When things get serious, cloud providers should be subject to the same vetting as any outside contractor or provider — with all due diligence to ensure you’re not dealing with a fly-by-night operation or one with sloppy security. But nearly as important, you need to ensure that the cloud application you adopt, or have an outside provider create, has APIs rich enough to ensure integration with your on-premises systems of record.
Integration to the rescue
Cloud data integration is at a fledgling phase. As we know from the early days of enterprise application integration, point-to-point data integration does not scale very well. Sure, Salesforce has mature APIs — more mature than a lot of COTS enterprise apps — but when you’re talking about integrating dozens or hundreds of cloud apps, there’s a limit to what IT can do, let alone maintain over time.
A number of providers have emerged to help IT implement, scale, and manage cloud integration, including Cordys, Dell Boomi, IBM Cast Iron, Informatica, Layer 7, MuleSoft, and SnapLogic. Your business is going to delve deeper into the cloud whether you like it or not, so if you haven’t already, it’s time to start vetting these solutions to determine which may be best for you. Well-planned cloud integration is the only way to avoid slipping into the modern, miserable version of the siloed enterprise.

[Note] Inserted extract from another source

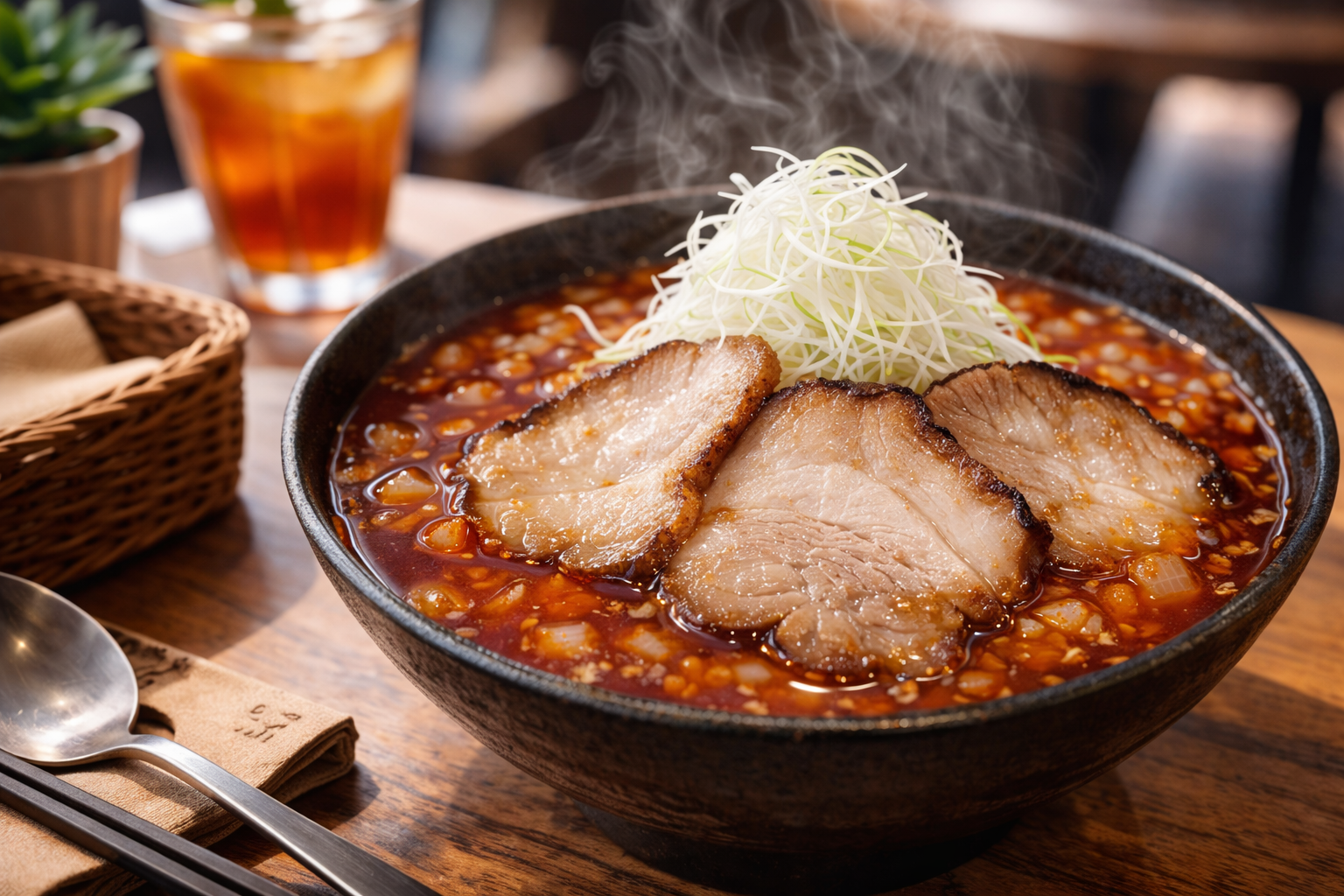 「勝浦たんたん麺 あざみ」は、勝浦タンタンメン専門店として高い人気を誇る名店です。表面を覆うラー油が生み出す強烈な辛さと高温スープが特徴で、寒い土地ならではのご当地ラーメンの魅力を存分に体感できます。玉ねぎの甘みと醤油の旨味が重なり、辛さの中にも深いコクを感じる一杯。勝浦タンタンメンを語るうえで外せない存在です。

There’s a lot of muddled thinking related to the cloud going on right now. A certain segment of the business community is rubbing its hands together and saying, “Great! We never understood what those IT idiots were nattering about anyway — now we can get instant gratification from a cloud provider.” At the other end of the hall, reactionary IT people are trying slam the door on the cloud or pretend it doesn’t exist.

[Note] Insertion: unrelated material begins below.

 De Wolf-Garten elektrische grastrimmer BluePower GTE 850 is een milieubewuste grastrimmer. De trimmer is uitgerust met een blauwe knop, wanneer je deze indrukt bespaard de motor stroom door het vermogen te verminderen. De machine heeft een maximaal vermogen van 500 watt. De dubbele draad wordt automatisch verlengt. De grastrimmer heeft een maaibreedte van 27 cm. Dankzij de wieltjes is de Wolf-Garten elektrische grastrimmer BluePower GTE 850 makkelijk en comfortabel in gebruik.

IT and business management can’t afford to go at cross-purposes, particularly in times of disruption like this. Nobody has all the answers. IT needs to be open to experimentation and businesspeople need to respect the basic rules of security and integration. With the right collaborative spirit, there’s a real opportunity to leap ahead.
The way in which this fragmentation creates a mess is well known. For example, a new compliance regulation might emerge, and without centralized management, isolated systems must be altered individually — if it’s even possible to track which systems are affected. Not to mention that the 360-degree view of customers that organizations have carefully assembled starts to fracture, as rich data about customer interaction with, say, a cloud social app fails to make it back to the CRM system of record.